- _WHAT THIS TASK INVOLVES_:
Directions for the data below: repeat exactly the lines from the one with "bag with holes" through the one with "講談社 | 2020 | ||", both included, and omit all pictures.

[INPUT FOR THIS TASK — start]

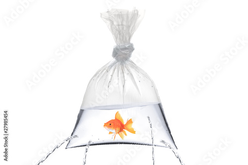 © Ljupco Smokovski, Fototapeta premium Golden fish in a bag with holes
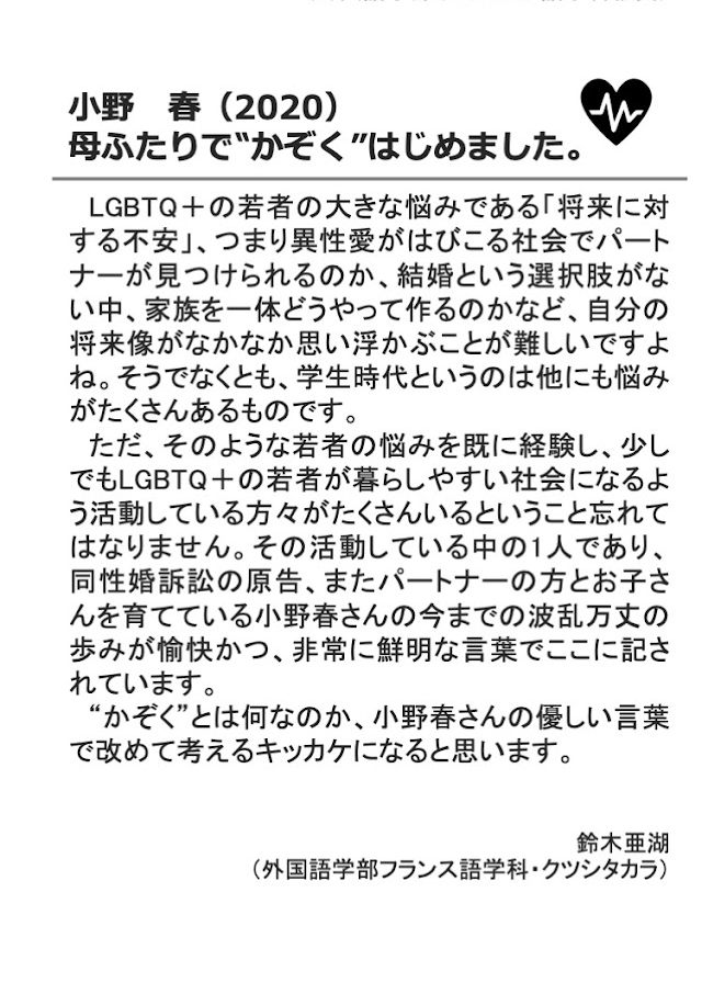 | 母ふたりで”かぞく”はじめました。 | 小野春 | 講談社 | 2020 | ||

[INPUT FOR THIS TASK — finish]
[INPUT FOR THIS TASK — start]

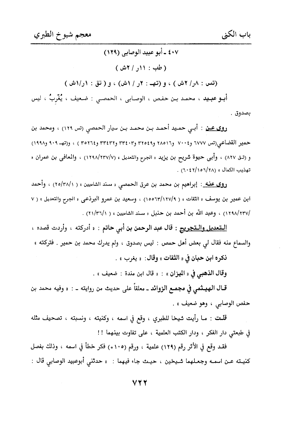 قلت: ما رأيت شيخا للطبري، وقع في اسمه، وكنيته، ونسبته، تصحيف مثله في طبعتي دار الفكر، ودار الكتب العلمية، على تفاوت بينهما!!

[INPUT FOR THIS TASK — finish]
[INPUT FOR THIS TASK — start]

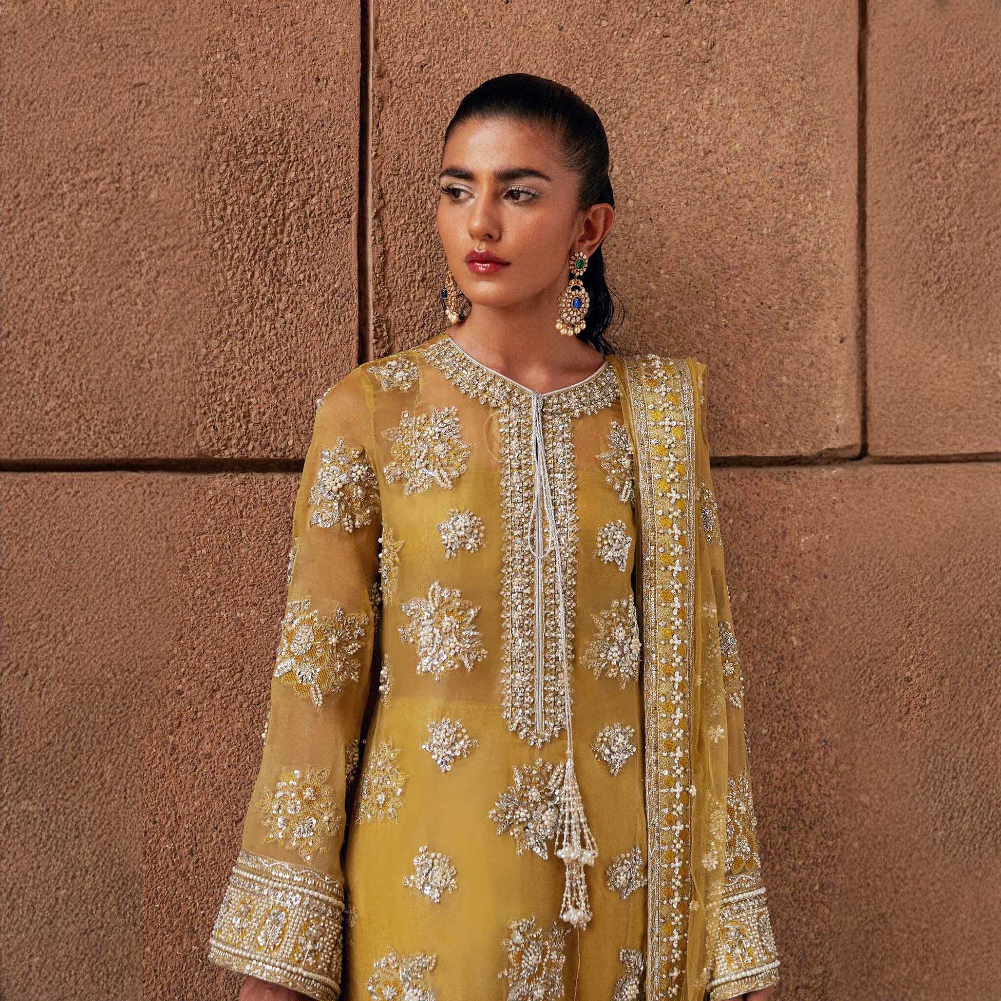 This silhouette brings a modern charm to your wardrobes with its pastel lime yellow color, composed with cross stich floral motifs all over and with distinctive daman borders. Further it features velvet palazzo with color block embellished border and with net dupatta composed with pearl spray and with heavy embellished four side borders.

[INPUT FOR THIS TASK — finish]

- _WORKED SOLUTION_:
 © Ljupco Smokovski, Fototapeta premium Golden fish in a bag with holes
 | 母ふたりで”かぞく”はじめました。 | 小野春 | 講談社 | 2020 | ||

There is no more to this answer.